This morning, I completed the “plumbing” for checkers. Specifically, with all the game mechanics in place, I now have a framework that will allow two “players” (a red player and a black player) to play against each other ad infinitum using either the same or different models. In order to get everything up and running and test the game itself, I threw together a bare bones “model” that does nothing but generate random moves. When I first completed it, when I ran the main program, it played games indefinitely at about 1 per second on my Mac, and maybe 3 per second on the desktop PC that I use for data/AI heavy lifting. For each game, it reports back the winner of the game, the number of pieces left on each side, the number of moves each side made, and the number of invalid moves each model came up with before landing on a valid move (a lot).

Shortly after completing that, I made two small, but very important improvements. First, I had completely forgotten to build in the rule that jumps are mandatory for a player if available. Making that update shortened the games a lot.

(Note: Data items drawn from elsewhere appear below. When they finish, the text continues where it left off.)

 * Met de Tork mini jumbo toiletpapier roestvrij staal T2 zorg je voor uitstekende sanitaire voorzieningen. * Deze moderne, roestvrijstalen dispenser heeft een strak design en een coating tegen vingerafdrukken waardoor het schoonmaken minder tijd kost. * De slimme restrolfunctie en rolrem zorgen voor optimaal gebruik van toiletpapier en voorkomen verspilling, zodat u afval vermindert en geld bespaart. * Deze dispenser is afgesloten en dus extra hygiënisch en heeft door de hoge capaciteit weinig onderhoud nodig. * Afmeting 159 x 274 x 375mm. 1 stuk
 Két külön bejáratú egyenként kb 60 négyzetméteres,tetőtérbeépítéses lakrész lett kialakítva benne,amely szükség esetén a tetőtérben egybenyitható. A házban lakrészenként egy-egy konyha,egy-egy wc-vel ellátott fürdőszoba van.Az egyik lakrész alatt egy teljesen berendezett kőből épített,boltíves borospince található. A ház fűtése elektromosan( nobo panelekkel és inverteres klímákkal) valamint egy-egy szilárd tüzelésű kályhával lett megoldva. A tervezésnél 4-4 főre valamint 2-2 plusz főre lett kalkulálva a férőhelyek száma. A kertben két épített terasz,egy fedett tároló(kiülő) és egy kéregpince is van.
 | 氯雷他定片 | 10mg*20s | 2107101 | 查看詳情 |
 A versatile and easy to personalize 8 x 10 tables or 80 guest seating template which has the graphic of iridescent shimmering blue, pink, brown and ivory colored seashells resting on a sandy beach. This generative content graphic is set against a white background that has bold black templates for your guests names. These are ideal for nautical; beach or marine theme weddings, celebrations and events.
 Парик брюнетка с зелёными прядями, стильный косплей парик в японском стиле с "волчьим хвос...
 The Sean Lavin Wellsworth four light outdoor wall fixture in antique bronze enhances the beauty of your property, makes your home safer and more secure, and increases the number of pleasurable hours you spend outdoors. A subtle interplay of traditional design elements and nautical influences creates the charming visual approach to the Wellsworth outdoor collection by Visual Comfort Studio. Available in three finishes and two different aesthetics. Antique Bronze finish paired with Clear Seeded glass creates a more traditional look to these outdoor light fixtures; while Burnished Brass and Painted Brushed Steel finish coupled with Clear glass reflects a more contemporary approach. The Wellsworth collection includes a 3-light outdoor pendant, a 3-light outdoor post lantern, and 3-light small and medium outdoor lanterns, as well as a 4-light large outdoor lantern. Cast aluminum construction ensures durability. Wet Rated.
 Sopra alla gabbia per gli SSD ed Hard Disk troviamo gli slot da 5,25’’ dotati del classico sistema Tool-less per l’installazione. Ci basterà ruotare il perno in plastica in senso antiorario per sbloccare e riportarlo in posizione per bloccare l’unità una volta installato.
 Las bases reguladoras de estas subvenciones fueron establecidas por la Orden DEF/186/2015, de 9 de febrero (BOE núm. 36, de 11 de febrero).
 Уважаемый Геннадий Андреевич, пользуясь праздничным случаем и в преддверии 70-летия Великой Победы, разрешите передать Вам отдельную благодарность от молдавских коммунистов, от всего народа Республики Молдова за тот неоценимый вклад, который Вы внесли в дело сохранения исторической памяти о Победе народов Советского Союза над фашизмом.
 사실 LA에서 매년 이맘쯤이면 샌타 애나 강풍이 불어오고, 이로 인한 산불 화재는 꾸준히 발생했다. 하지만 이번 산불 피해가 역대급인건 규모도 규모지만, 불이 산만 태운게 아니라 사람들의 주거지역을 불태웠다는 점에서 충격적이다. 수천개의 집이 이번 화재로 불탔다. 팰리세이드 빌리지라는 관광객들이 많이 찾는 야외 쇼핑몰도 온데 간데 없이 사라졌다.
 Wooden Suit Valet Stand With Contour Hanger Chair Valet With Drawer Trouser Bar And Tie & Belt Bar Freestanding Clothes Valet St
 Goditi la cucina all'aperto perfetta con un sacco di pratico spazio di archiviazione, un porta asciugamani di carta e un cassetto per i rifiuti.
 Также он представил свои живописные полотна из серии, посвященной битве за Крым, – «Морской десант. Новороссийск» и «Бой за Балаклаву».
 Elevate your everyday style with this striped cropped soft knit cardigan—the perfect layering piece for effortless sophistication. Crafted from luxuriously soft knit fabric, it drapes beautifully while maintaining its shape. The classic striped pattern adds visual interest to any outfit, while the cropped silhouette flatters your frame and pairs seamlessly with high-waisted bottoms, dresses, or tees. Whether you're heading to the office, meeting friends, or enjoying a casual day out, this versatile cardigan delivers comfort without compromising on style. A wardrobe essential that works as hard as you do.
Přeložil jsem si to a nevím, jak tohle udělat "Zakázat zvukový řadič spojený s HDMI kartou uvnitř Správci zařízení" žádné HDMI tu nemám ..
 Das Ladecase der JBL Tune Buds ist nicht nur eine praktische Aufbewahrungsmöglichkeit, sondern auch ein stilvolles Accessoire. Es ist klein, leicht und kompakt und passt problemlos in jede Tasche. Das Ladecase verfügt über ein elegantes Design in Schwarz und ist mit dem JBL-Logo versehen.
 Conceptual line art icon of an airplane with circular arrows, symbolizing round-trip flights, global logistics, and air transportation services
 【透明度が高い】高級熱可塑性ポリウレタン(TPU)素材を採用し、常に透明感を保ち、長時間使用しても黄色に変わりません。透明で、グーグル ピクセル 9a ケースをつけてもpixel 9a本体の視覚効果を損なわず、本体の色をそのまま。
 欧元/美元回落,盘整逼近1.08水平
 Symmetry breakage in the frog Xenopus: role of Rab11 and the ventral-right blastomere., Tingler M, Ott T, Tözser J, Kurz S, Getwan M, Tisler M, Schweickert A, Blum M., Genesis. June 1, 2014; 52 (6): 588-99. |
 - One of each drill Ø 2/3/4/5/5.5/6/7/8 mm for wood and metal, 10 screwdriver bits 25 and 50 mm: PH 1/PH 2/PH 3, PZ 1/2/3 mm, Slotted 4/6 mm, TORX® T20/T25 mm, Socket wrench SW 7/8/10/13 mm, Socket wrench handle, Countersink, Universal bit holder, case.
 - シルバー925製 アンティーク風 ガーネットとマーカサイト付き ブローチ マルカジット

Just from watching the numbers fly by, I’d estimate that before the “jump rule” the at least half of games were taking 100 or more moves for each side. With the rule in place, I rarely ever see a game go to 100 moves or more. That change also approximately doubles the speed. I can turn it on or off by specifying that on launch because I figure if I can actually design a worthy AI chessbot, I’ll want to put it online and allow folks to play it. And I know that some people don’t play with that rule, so I’ll need to train one model with the rule on, and another with the rule off.

The other change was not calling the routine that checks for legal moves every time it needs to know within a turn. Since both the game and the player are relying on a random number generator that assumes every move for every piece is legal, it has to check a lot, and generate a new number when the previous one was illegal. In fact for every legal move that the game and player accepts, there are about 10-20 that are rejected. They’re rejected by checking the move against legal moves in the current board position. And the algorithm to check, while not overwhelmingly complex, is not a trivial one. What I had been doing was calling that routine every time the check needed to occur in a single turn, even though the answer could never change until the player actually made a move. So I updated it to just load the legal moves array into a variable at the start of the turn and then compare against that. After making that update, the desktop PC is now running over 20 entire games per second. That’s very pleasing.